Konichiwa é o que mais nós escutamos no Japão, é um alô, boa tarde, generalizado. A minha primeira vez por lá foi em fevereiro de 1987, bem no comecinho da fase de “'importação” de modelos não japonesas. Conto aqui pra vocês sobre a minha vida em Tóquio. Mais uma bela lembrança nessa fase de Olímpiadas, da Tokyo 2020.
COMO TUDO COMEÇOU
Fiz um casting (escolha de modelos) em São Paulo. Apesar da idade, 21 anos, fui selecionada: aparentava ter uns 16. Sou do tipo pequeno, então trabalhei bastante para catálogos, capas, editoriais de moda, comerciais de tevê. Dinheiro relativamente fácil e rápido. A vida lá era trabalho, diversão e bastante viagens para trabalhar mais ainda.
No começo ser gringa no Japão era uma raridade. Dividi casa com algumas pessoas de diferentes nacionalidades e trabalhei com outras tantas. Aprendi a ver o mundo e a sua diversidade de hábitos e culturas totalmente diferentes da minha. Me ajudou a abrir muito a cabeça. Aprendi um pouco a língua e usava quando podia.
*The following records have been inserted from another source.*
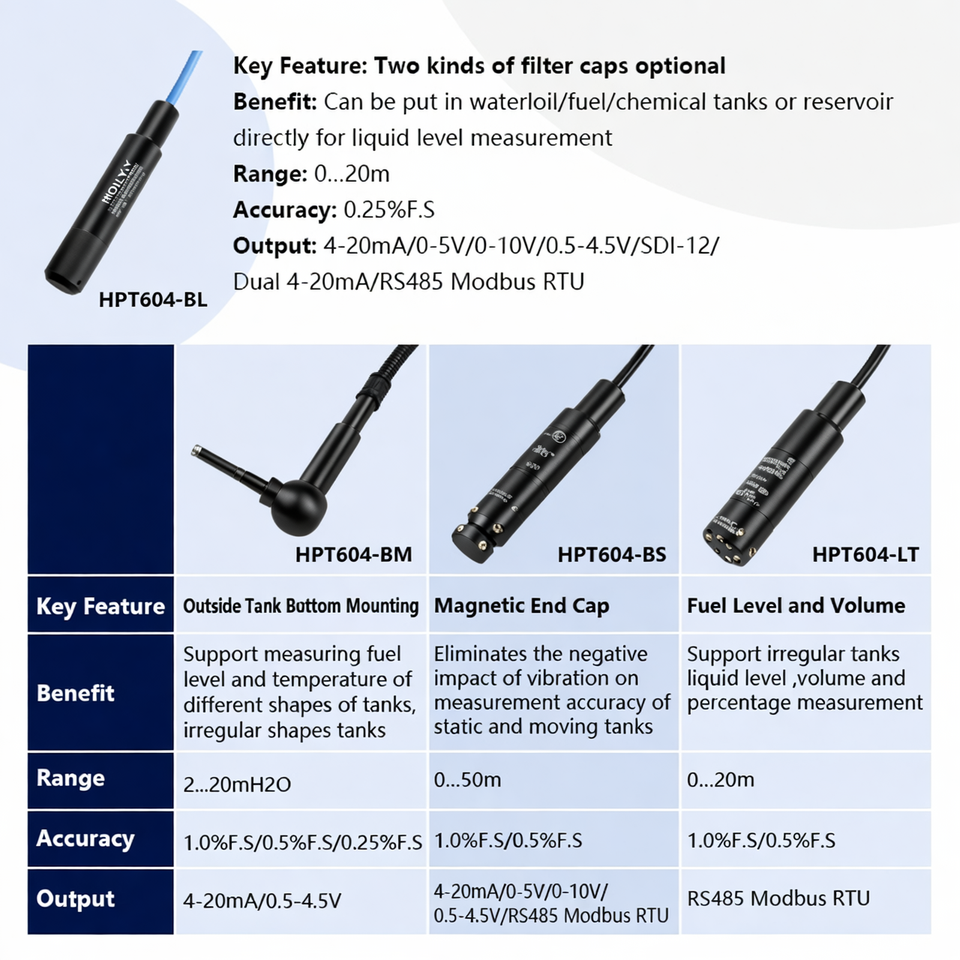 Application:Eau, essence, diesel, mesure du niveau de carburant, etc.
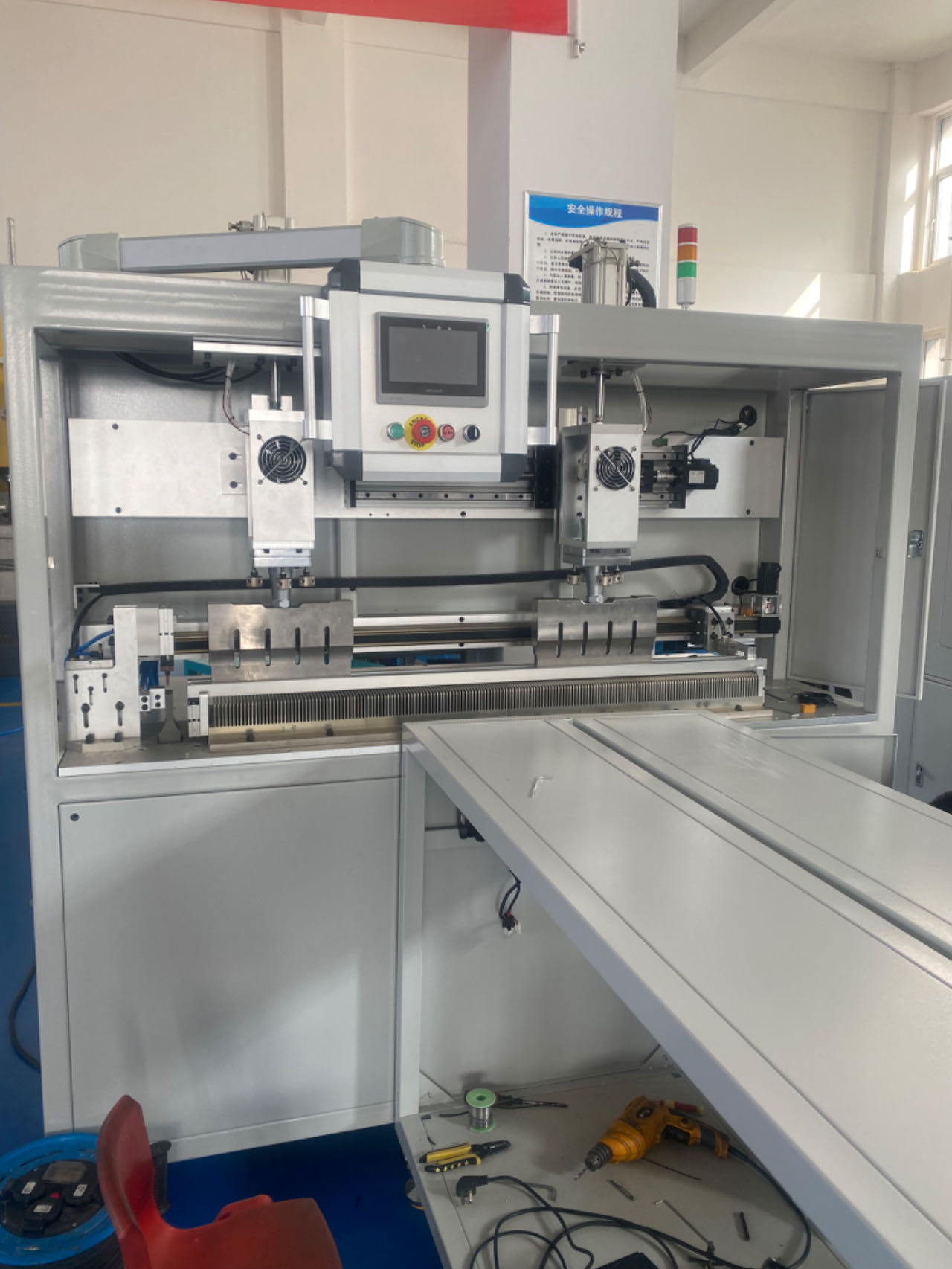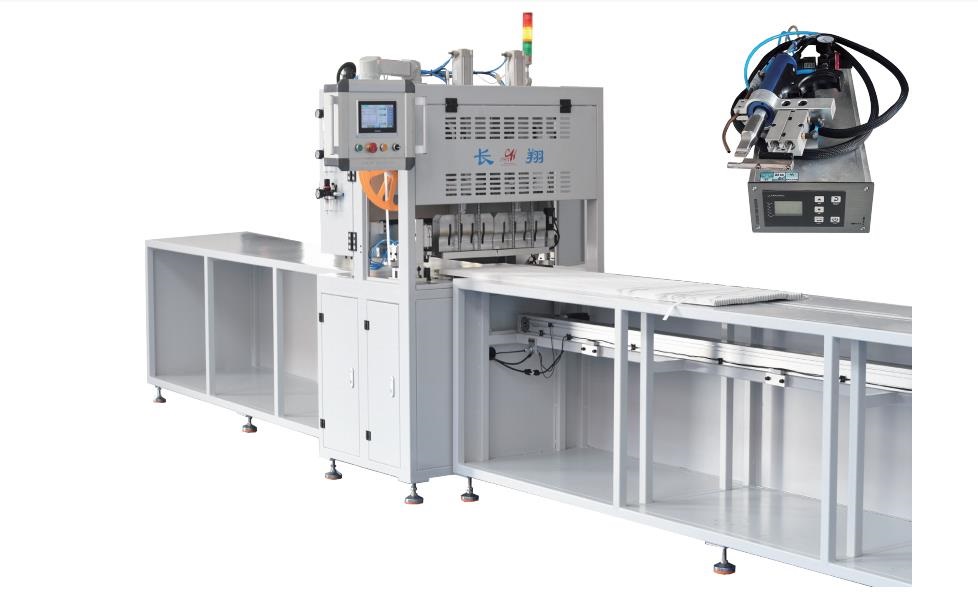 除塵濾芯生產(chǎn)設(shè)備:又稱(chēng)除塵濾芯綁帶焊接機(jī),超聲波焊接機(jī),全自動(dòng)超聲波焊接設(shè)備等,本設(shè)備采用多臺(tái)超聲波焊接系統(tǒng)并聯(lián)使用,采用PLC自動(dòng)化編程配合多工位運(yùn)動(dòng)同時(shí)焊接以及切斷,整機(jī)為工作臺(tái)形式,由雙排超聲波焊接頭、運(yùn)動(dòng)板下模具為一體、前置啟動(dòng)按鈕、急停按鈕、配電箱部分控制屏、氣壓表調(diào)節(jié)閥等幾大版本組成,并配有照明燈、故障提醒等,動(dòng)作方式為上方超聲波焊頭為氣動(dòng)控制,下方運(yùn)動(dòng)型下模為自動(dòng)化運(yùn)動(dòng)。
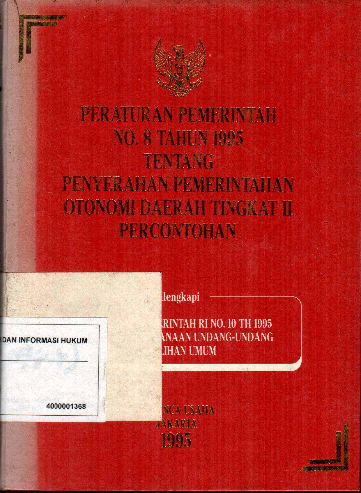 Peraturan Pemerintah No 8 Tahun 1995 Tentang Penyerahan Pemerintah Otonom Daerah Tingkat II Percontohan
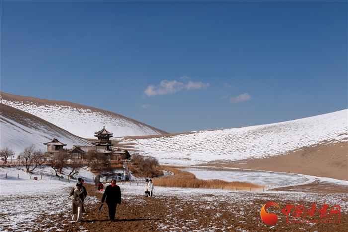 雪后的甘肅省敦煌市鳴沙山月牙泉景區(qū)景色如畫、銀裝素裹,美不勝收。
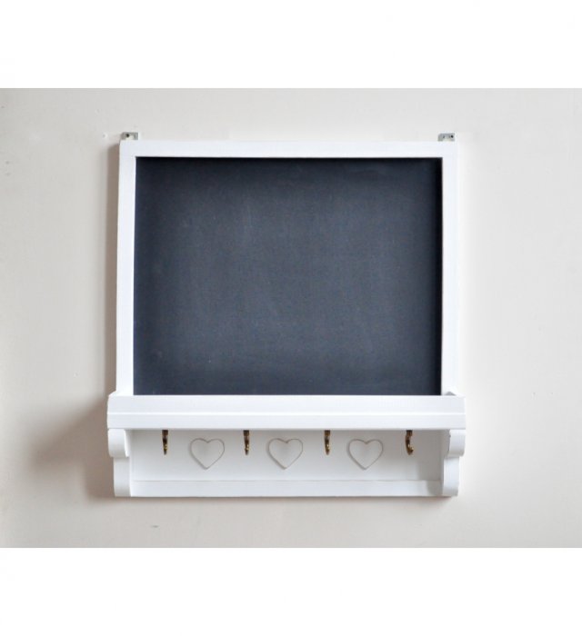 Pólka została wykonana ręcznie z drewna sosnowego, pomalowana na biało i przetarta na krawędziach. Tył półki pomalowany jest farbą tablicową.Ozdobiona jest białymi serduszkami wyciętymi z drewnianej sklejki.
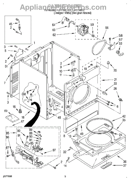 Fits all Whirlpool-made dryers (Whirlpool, Kenmore with prefix 110, Roper, KitchenAid, and Estate). Matching belt 341241 and rear support rollers 349241T. Whirlpool dryer repair manual 677818L.
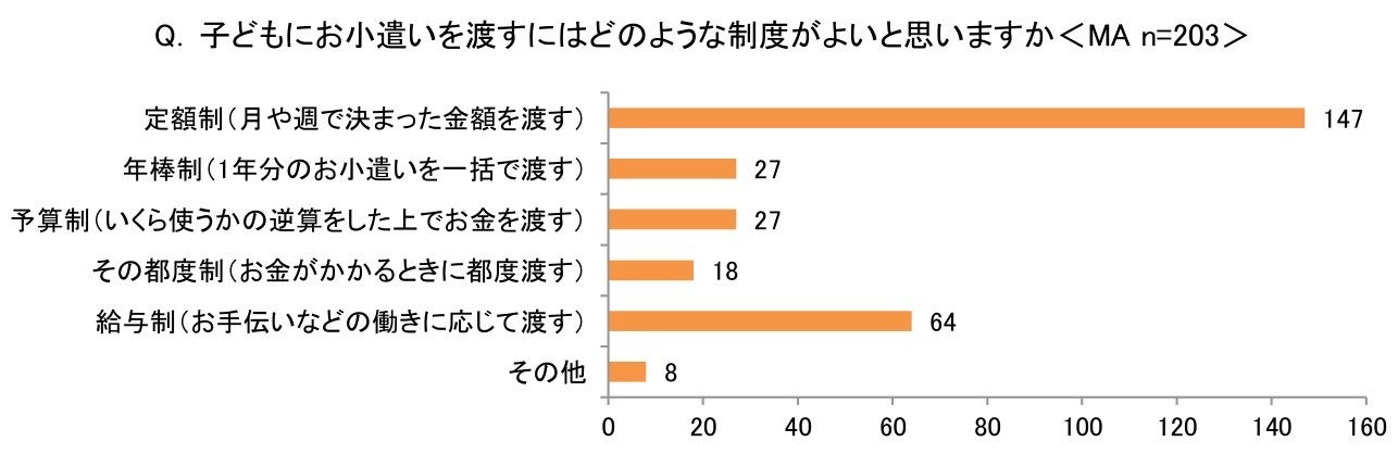 「子どもにお小遣いを渡すにはどのような制度がよいと思いますか<MA>」という問では、7割以上が「定額制(月や週で決まった金額を渡す)」(147)と答え、最も多くなりました。一方で、近年注目が高まりつつある「年俸制」や「予算制」といった方法でお小遣いを渡している家庭も一定数いることが分かりました。近年加速するキャッシュレス決済の普及や金融教育の導入などによって、お金を取り巻く環境が変わり学ばなくてはならないことも増え、家庭での金融教育においてもさまざまな選択肢が出てきていることが伺えます。
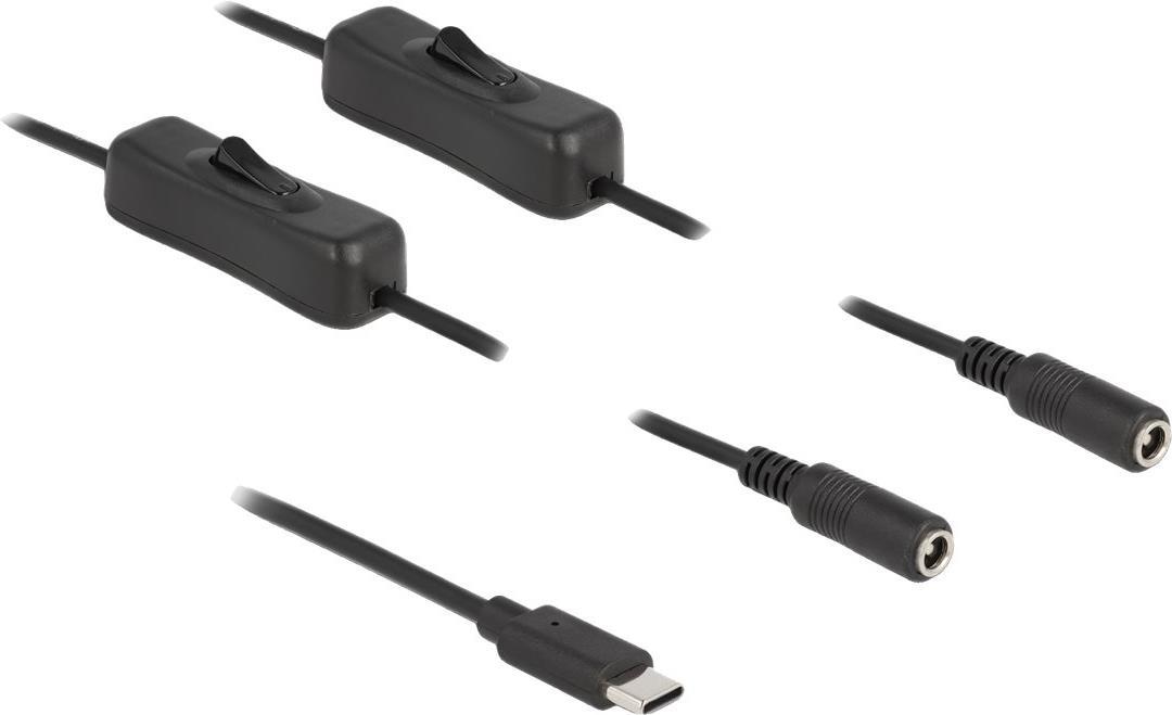 Delock - Netz-Splitter - USB-C (M) bis Gleichstromstecker 5,5 x 2,1 mm (W) - 1,0m - Schwarz (86800)

A comida era simplesmente espetacular, pra mim foi fácil a adaptação. Como de tudo e não tenho nenhuma alergia. O único probleminha nos trabalhos era que os menus eram em japonês. A salvação eram as fotos de todas as opções do cardápio. Escolhia pela foto e perguntava o que era.
Eu tinha um prato favorito que era enguia com um molho adocicado, tipo teriyaki, em uma caminha de arroz que se chama unadon. Em casa, dá pra fazer com uma máquina de cozinhar arroz mais ovo. É fácil de fazer: nunca fui boa pra cozinhar.
A moradia era em apartamentos ou casa alocados pela agência. Eu sempre escolhi morar bem, mesmo pagando mais. Primeiro dividi uma casa tipicamente japonesa de 2 andares e 3 quartos com 2 brasileiras – somos amigas até hoje - e uma variedade de outras nacionalidades. As americanas eram muito bagunceiras e de hábitos pouco higiênicos. As brasileiras eram mais arrumadas.
Morei em residências particulares também. Uma vez, morei em um duplex de um casal que trabalhava pra Gradiente – antiga marca de eletrônicos brasileira - sem pagar nada. Dividia o quarto com uma brasileira que fazia um estágio em uma agência de publicidade. Ela se tornou a minha melhor amiga até hoje. Dividimos também antes um quarto na casa de brasileiros que trabalhavam pro Lloyd.
Éramos tratados como realeza. Não pagávamos entrada das discotecas, por exemplo, nem as bebidas nem comidas lá consumidas. Nossa entrada era um composit, um card com nossas fotos e a logo da agência. Sim, éramos a isca para o sucesso do local. Mas, no final, todo mundo se divertia.
Uma curiosidade que soube anos depois. O dono da minha agência, uma das tops chamada Satoru, nos cobrava a taxa do governo de 25%. Mas soube que ele nunca repassava esse dinheiro. Assim sendo, um dia a agência que ficava em um nobre endereço de Tóquio, chamado Omote Sando, fechou.
O povo? No começo de tudo vemos de um jeito. Depois de um tempo e algumas experiências desenvolvemos uma outra visão. A minha se desenvolveu de um povo doce para um povo - naquela época, claro - reprimido no comportamento e atitudes. Ou seja, eles poderiam estar sofrendo ou detestando algo porém faziam cara de feliz. Mas nunca tive uma má experiência, apesar de uma ou duas vezes passar por uma situação não agradável na rua e no metrô. Acho que as coisas mudaram um pouco hoje em dia.
Fiquei indo e vindo até 1992. Parei depois da crise financeira japonesa instalada um ano antes. Não valia mais a pena viajar para tão longe e ganhar quase o mesmo no Brasil. Eu trabalhava suficientemente bem no meu país.
Voltei ao Japão para fazer turismo com o meu marido em 2008. Achei Tóquio um pouco mais renovada, mas, felizmente, não tão ocidentalizada, o que era meu receio pela abertura.